In summary, the main advantages of the residue-reducing antifoam were:

- Effective control of foam in the developer and stripper
- Minimization of residue formation in the developer
- Compatibility with common equipment parts

Claims

1-11. (canceled)

12. A composition consisting of a diphenyl oxide in a sufficient amount to reduce or inhibit formation of photolithographic residue on a substrate or in a solution and an antifoam agent.
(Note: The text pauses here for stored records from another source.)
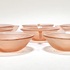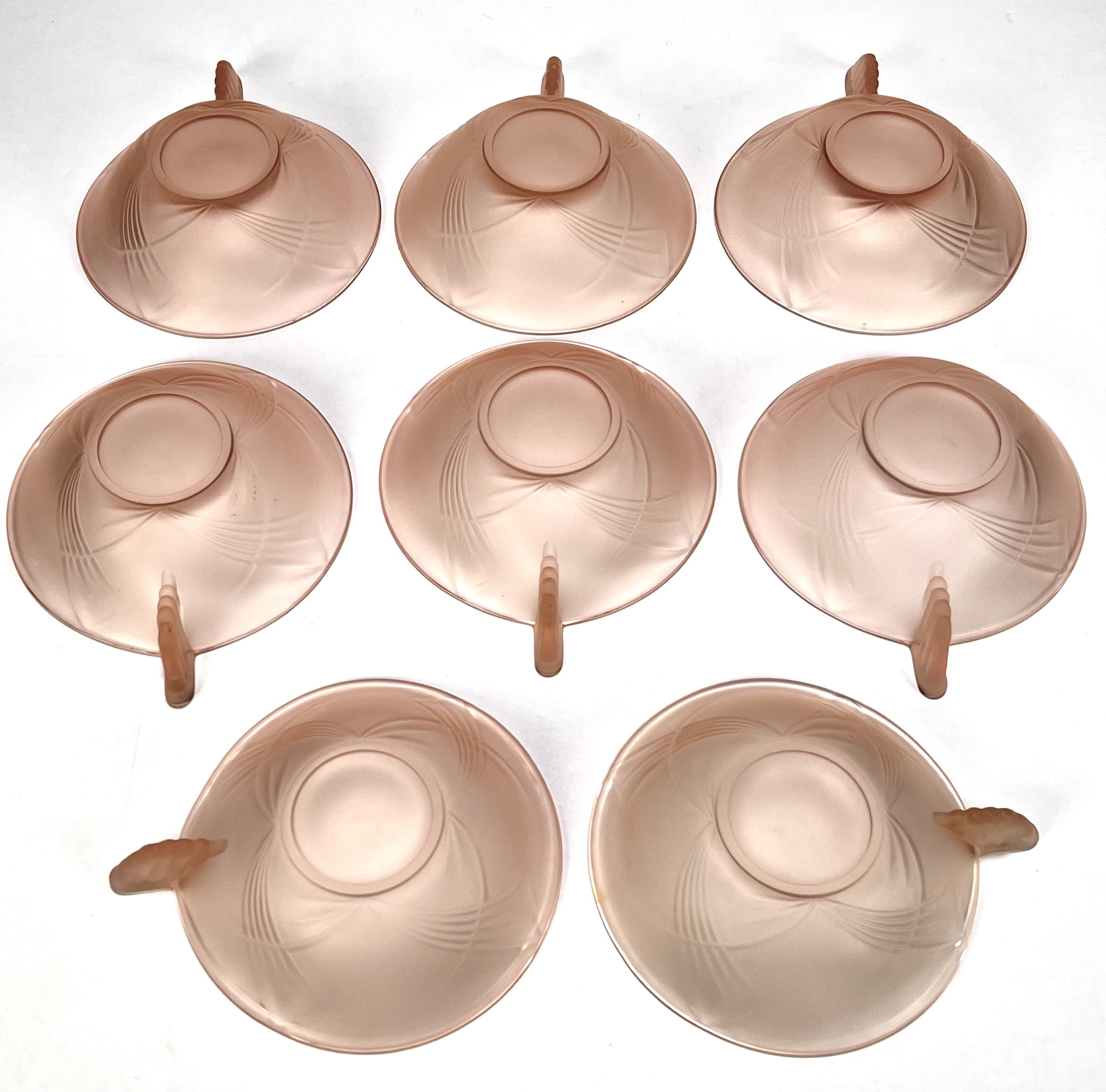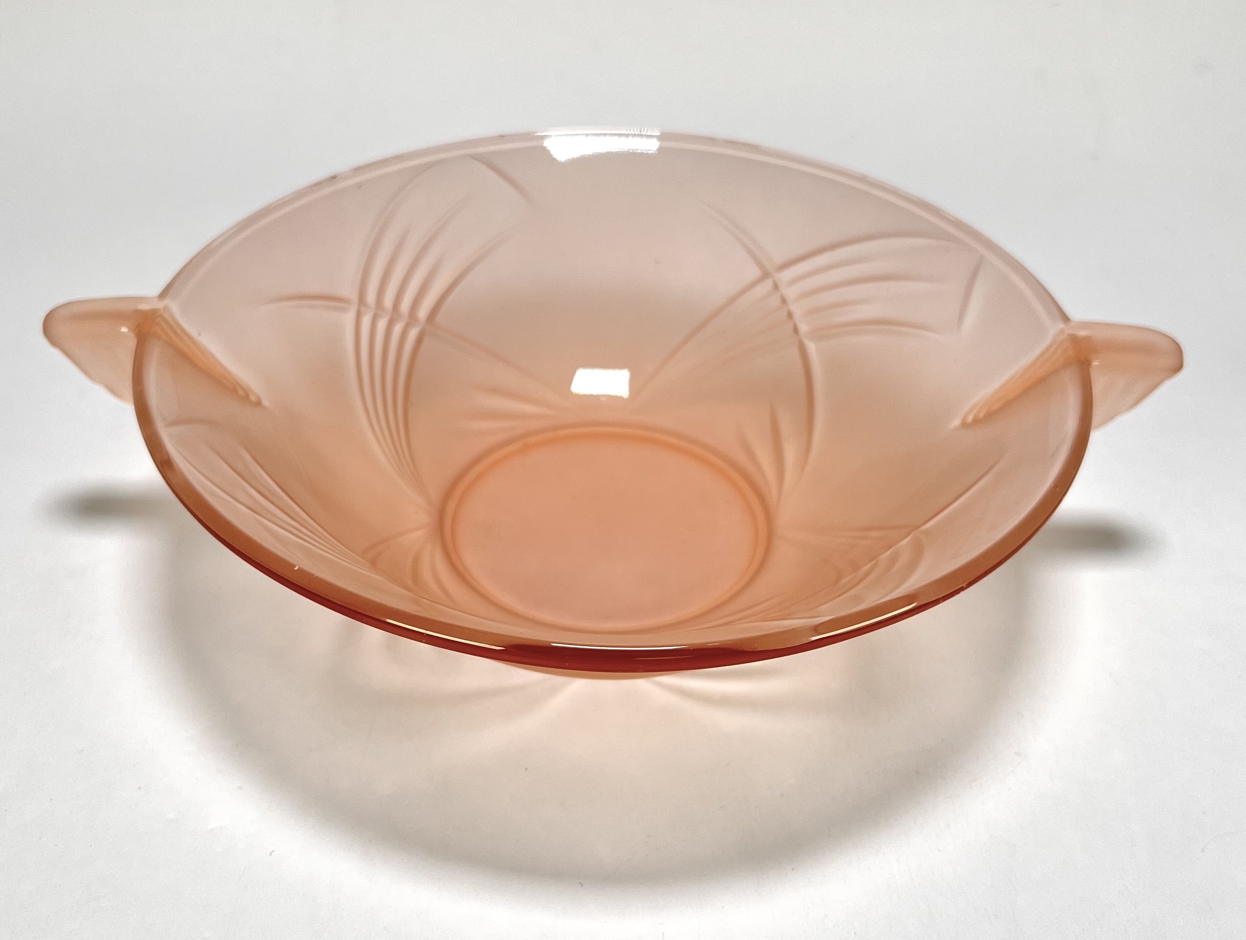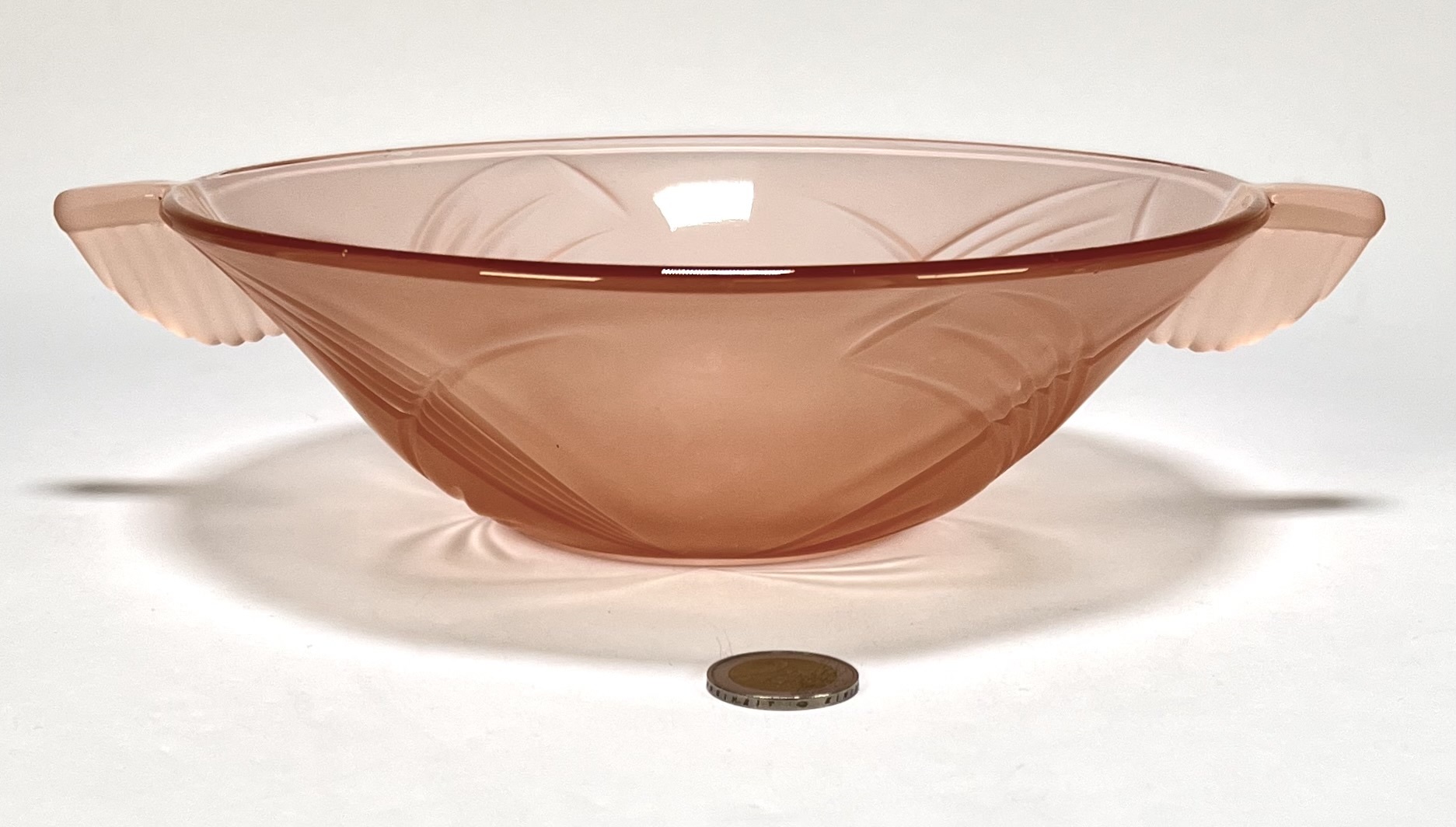 Schaal en kommen van oudroze persglas uit de Art Deco periode, circa 1935, vervaardigd uit geperst glas met reliëfdecoratie. Het servies omvat een grote serveerschaal en acht bijbehorende kommetjes, gedecoreerd met gestileerde waaiermotieven en voorzien van handvatten. Herkomst Centraal-Europa. Wil je direct deelnemen? Plaats vanaf 3 april alvast een schriftelijk bod via onze website! |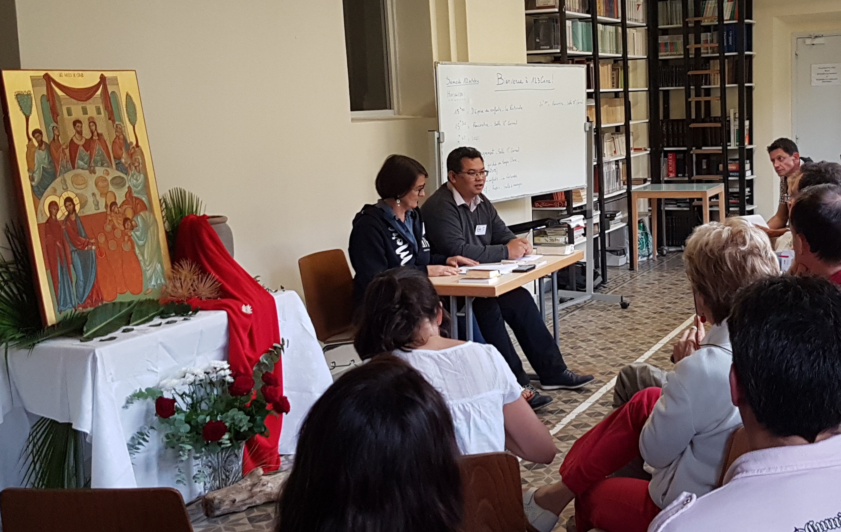Sœur Marie-Gwenaëlle nous trouve toutes les solutions, la salle St Irénée pour ceci, la salle St Elie pour cela, il y a aussi la salle St Brocart et la salle St Thomas, la salle St Mont Carmel… enfin non, salle du Mont Carmel c’est déjà pas mal...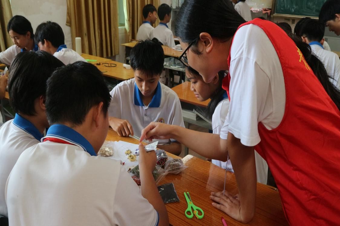 为让课堂有趣又有料,队员们围着教案“精打细算”:从岭南八珍的药香到祛湿养生的妙招,从急救技能到红色故事,再到药植拼画的巧思……反复模拟、打磨细节,连助教都悄悄记下要点,只为让每节课都像“宝藏”般吸引人。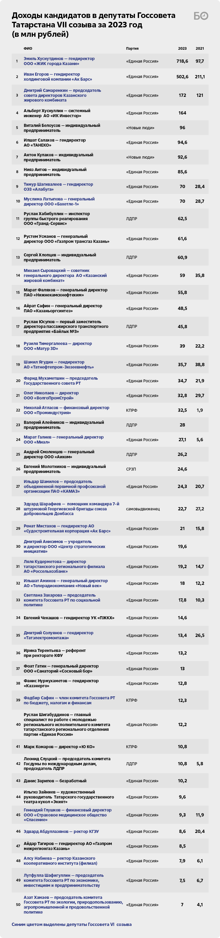 На втором месте генеральный директор АО «Холдинговая компания «Ак Барс» Иван Егоров. Он задекларировал доход в 502,6 млн рублей. За пять лет его достаток увеличился в 7 с лишним раз, а если сравнивать с 2021-м годом (211 млн рублей), то почти в 2,5 раза. Из отчета видно, что полумиллиардный доход был получен Егоровым от АО «Холдинговая компания «Ак Барс», ОАО «Казанский завод «Электроприбор, ООО «Финансовая корпорация «Тимерхан», а также от вкладов в «Ак барс Банке» и «Сбербанке». В самой компании в ответ на запрос издания подтвердили, что «доходы депутата Государственного Совета РТ Егорова Ивана Михайловича складываются из дохода по основному месту работы в АО «Холдинговая компания «Ак Барс», дохода от ценных бумаг и долей участия в коммерческих организациях (основная часть совокупного дохода)».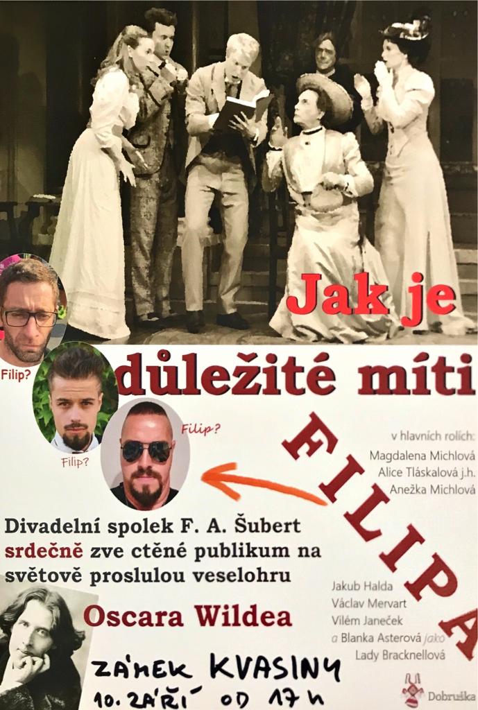 Divadelní spolek F. A. Šubert zve na veselohru Oscara Wildea Jak je důležité míti Filipa.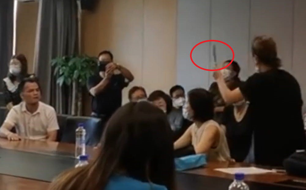Clip cho thấy, một người phụ nữ cầm dao ngay giữa cuộc họp của các nhà đầu tư với nhân viên của Evergrande và dọa tự sát ngay trong pḥng họp. Từ đoạn video có thể nh́n thấy khoảng 50 người khác cùng trong pḥng họp.

13. The composition of claim 12, wherein the antifoam agent comprises silicones, hydrocarbons, acetylenics, vinyl polymers, polyalkoxylates or mixtures thereof.

14. The composition of claim 12, wherein the diphenyl oxide comprise from about 20% to about 95% by weight of the composition and the antifoam agent comprises from about 5% to about 80% by weight of the composition.

15. A method of reducing residue formation and foaming comprising contacting a substrate or a solution comprising photoresist with a sufficient amount of a photolithographic residue reducing-antifoam agent composition to inhibit the formation of photolithographic residue on the substrate or the solution and to inhibit or reduce foaming, the composition comprises a diphenyl oxide and an antifoam agent.

16. The method of claim 15, wherein the antifoam agents comprises silicones, hydrocarbons, acetylenics, vinyl polymers, polyalkoxylates or mixtures thereof.

17. The method of claim 15, wherein the photoresist cleaning composition further comprises an auxiliary surfactant.

18. The method of claim 15, wherein the photoresist cleaning composition further comprises a solvent.

19. The method of claim 15, wherein the composition further comprises a developer or stripper component.

20. The method of claim 19, wherein the developer or stripper component develops or strips photoresist from the substrate.